> **Problem to solve**
Under this line are records; the part from the line containing "A sumptuous palette" through the line containing "Destillatfässer aus feinporiger" should be repeated exactly. Please exclude pictures.

═══ Records to process

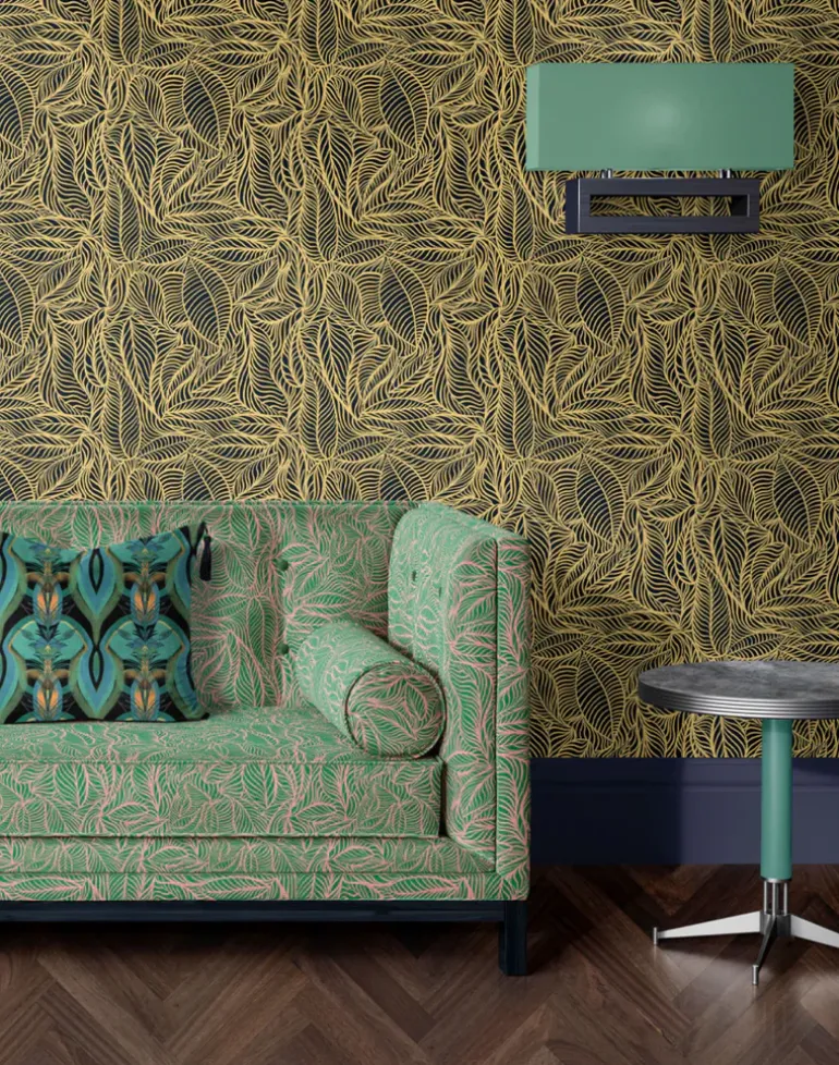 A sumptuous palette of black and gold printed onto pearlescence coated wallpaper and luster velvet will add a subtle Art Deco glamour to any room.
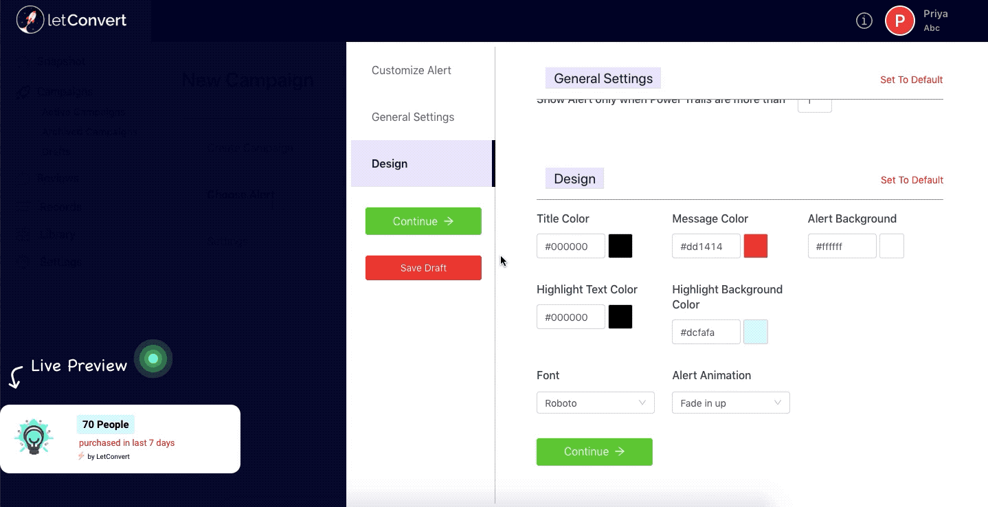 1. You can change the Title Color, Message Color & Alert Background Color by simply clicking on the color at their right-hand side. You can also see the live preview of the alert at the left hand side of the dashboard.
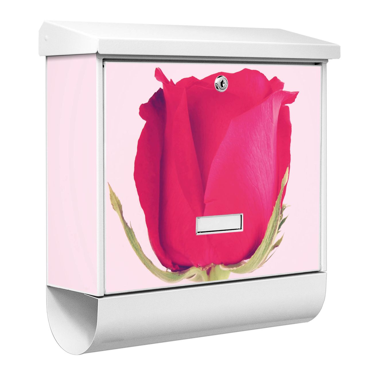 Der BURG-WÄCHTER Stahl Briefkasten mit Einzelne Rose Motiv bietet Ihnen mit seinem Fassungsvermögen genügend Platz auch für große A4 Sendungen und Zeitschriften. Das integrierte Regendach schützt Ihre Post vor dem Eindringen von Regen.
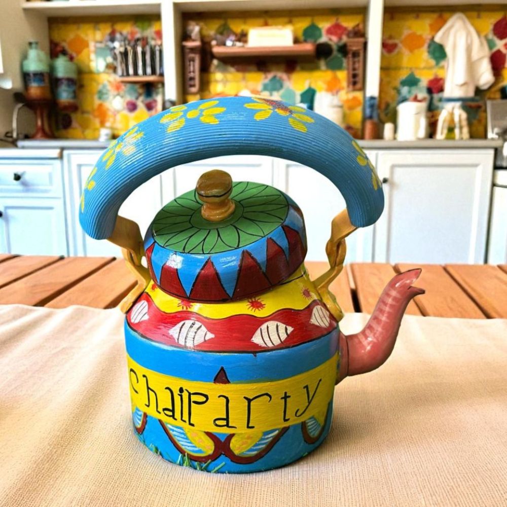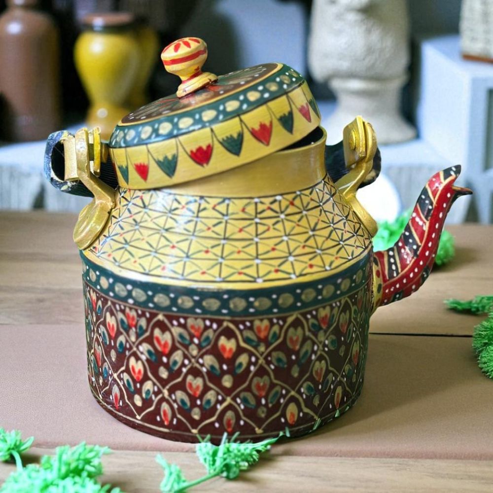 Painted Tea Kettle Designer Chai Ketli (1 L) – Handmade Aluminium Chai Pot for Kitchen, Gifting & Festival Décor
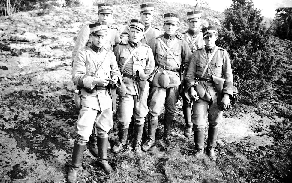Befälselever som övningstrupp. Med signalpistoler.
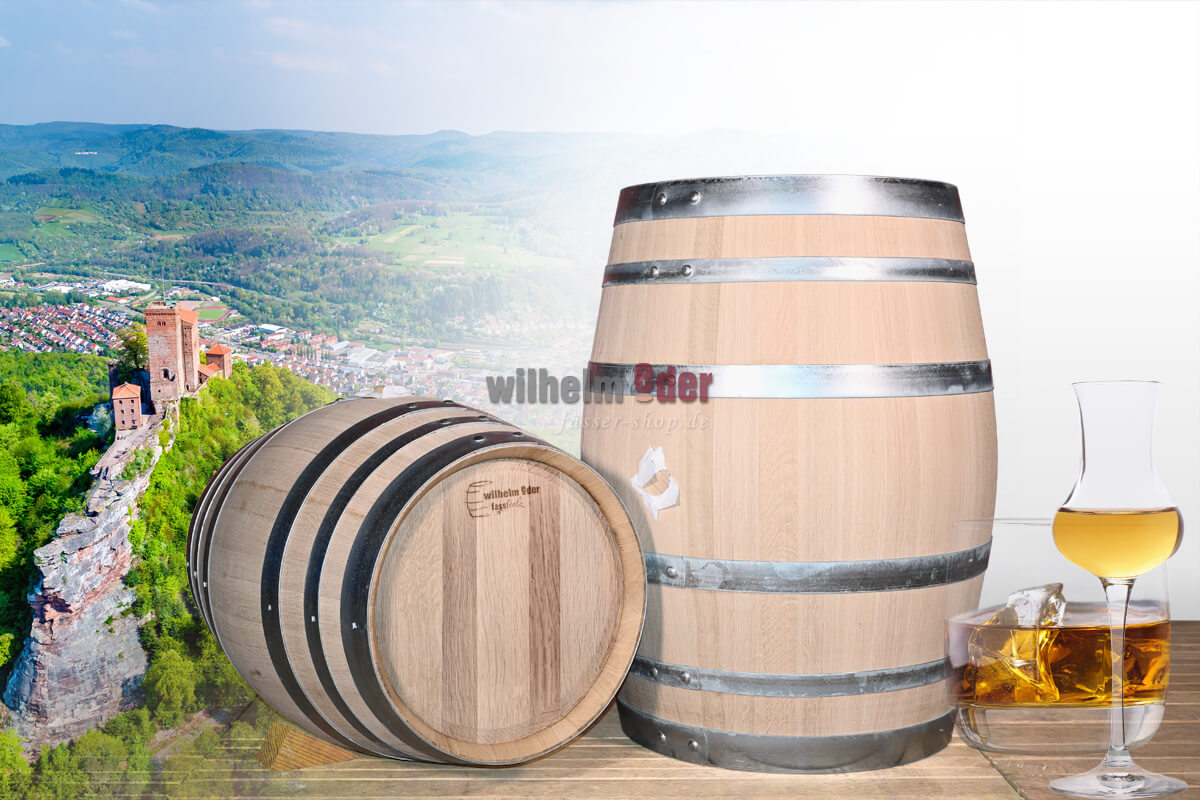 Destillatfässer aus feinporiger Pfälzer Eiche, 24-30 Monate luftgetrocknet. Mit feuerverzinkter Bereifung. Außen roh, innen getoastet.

══════
═══ Records to process

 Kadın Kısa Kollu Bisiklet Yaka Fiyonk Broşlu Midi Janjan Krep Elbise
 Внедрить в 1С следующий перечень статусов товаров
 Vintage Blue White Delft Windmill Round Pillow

══════
═══ Records to process

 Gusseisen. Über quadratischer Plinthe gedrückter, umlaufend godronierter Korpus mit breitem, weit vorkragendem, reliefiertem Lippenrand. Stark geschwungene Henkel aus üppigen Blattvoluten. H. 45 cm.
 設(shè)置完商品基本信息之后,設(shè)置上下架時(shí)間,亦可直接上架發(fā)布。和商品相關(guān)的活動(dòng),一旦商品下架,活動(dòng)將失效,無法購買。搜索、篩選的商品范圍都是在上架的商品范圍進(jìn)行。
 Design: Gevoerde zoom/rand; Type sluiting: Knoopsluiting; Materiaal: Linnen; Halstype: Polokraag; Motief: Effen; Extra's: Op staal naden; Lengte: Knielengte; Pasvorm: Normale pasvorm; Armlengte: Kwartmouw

══════

> **Response for this exercise**
 A sumptuous palette of black and gold printed onto pearlescence coated wallpaper and luster velvet will add a subtle Art Deco glamour to any room.
 1. You can change the Title Color, Message Color & Alert Background Color by simply clicking on the color at their right-hand side. You can also see the live preview of the alert at the left hand side of the dashboard.
 Der BURG-WÄCHTER Stahl Briefkasten mit Einzelne Rose Motiv bietet Ihnen mit seinem Fassungsvermögen genügend Platz auch für große A4 Sendungen und Zeitschriften. Das integrierte Regendach schützt Ihre Post vor dem Eindringen von Regen.
 Painted Tea Kettle Designer Chai Ketli (1 L) – Handmade Aluminium Chai Pot for Kitchen, Gifting & Festival Décor
Befälselever som övningstrupp. Med signalpistoler.
 Destillatfässer aus feinporiger Pfälzer Eiche, 24-30 Monate luftgetrocknet. Mit feuerverzinkter Bereifung. Außen roh, innen getoastet.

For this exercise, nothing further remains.